◆ **Problem to solve**: Each line in the material below, starting at the one that contains "在自己最困难,最落魄的时候,遇到了同样受伤被遗弃的鲍勃猫,从此人猫相依为命。" and ending at the one that contains "(一)工程部主管、綜合部主管", should be repeated exactly; the pictures should not.

◆ **Task data**:
==============================

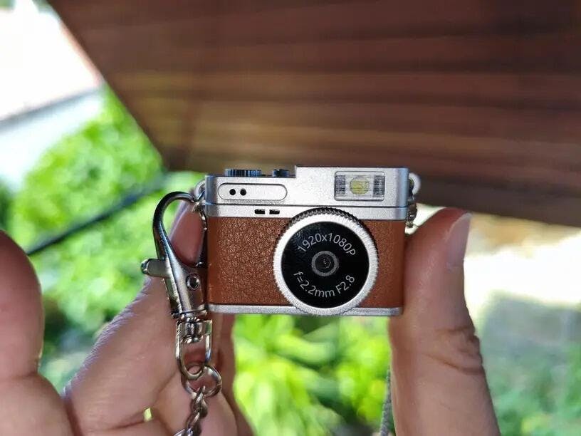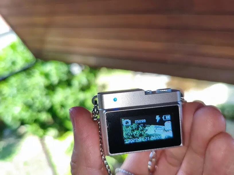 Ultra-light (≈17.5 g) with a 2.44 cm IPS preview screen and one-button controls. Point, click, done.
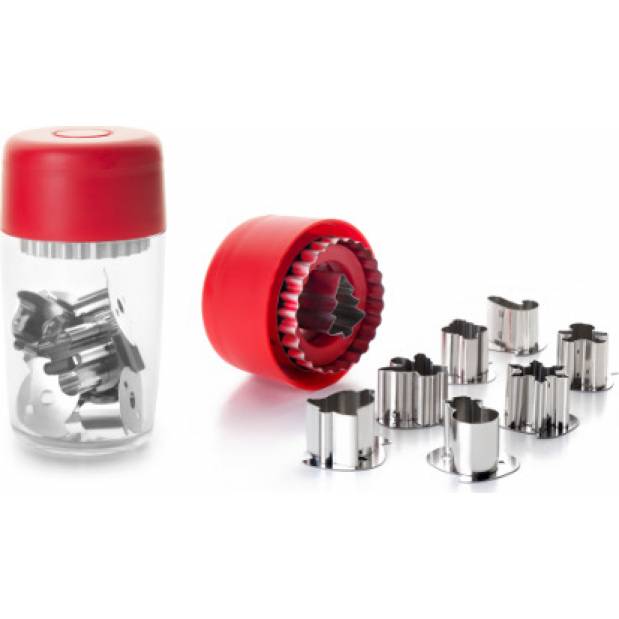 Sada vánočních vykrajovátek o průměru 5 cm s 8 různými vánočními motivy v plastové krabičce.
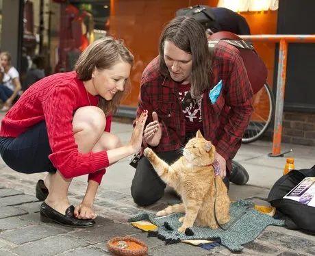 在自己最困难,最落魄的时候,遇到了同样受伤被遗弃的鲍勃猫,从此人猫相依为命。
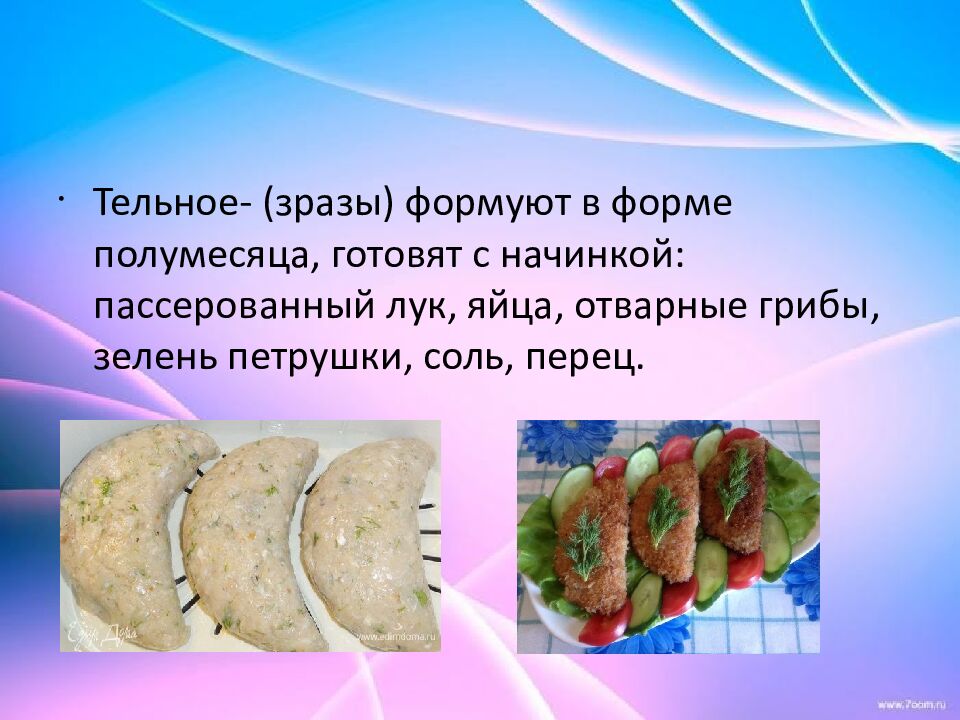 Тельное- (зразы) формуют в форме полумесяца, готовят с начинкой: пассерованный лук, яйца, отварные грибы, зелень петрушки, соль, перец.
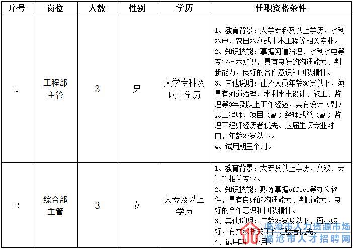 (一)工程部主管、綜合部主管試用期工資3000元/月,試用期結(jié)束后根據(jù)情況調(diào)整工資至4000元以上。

==============================

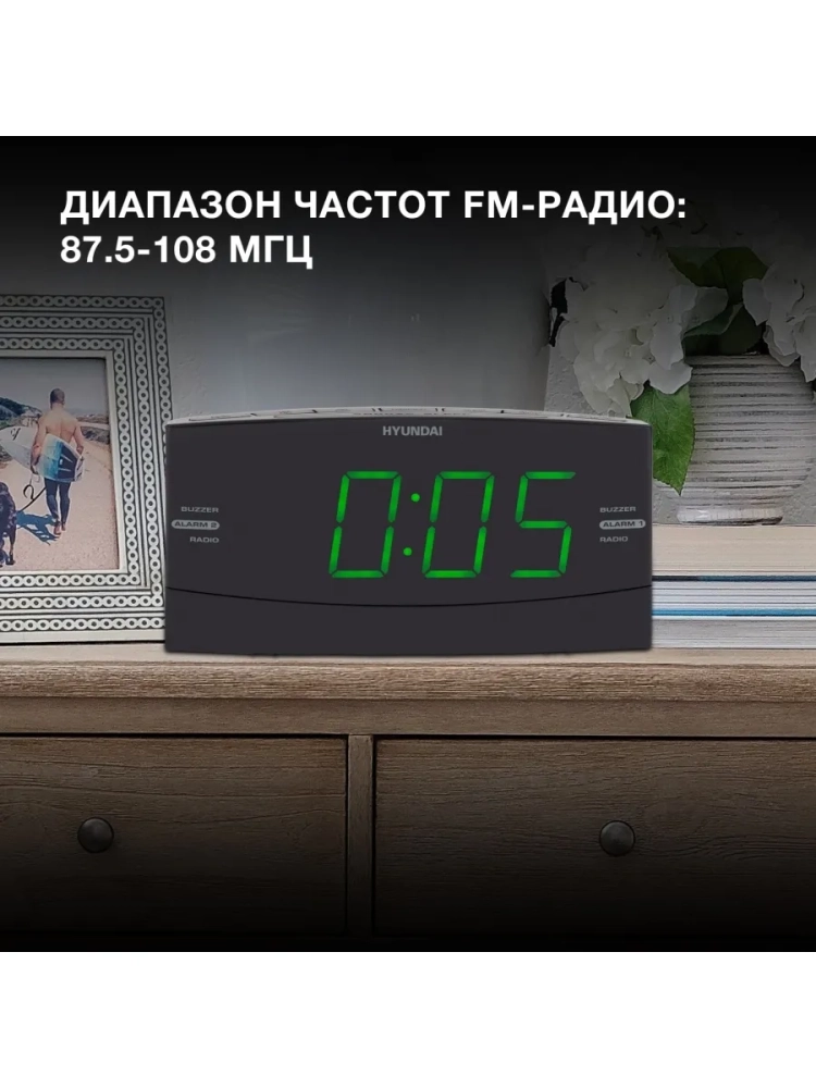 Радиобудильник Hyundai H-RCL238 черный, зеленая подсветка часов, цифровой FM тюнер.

==============================

◆ **Final answer**:
 在自己最困难,最落魄的时候,遇到了同样受伤被遗弃的鲍勃猫,从此人猫相依为命。
 Тельное- (зразы) формуют в форме полумесяца, готовят с начинкой: пассерованный лук, яйца, отварные грибы, зелень петрушки, соль, перец.
 (一)工程部主管、綜合部主管試用期工資3000元/月,試用期結(jié)束后根據(jù)情況調(diào)整工資至4000元以上。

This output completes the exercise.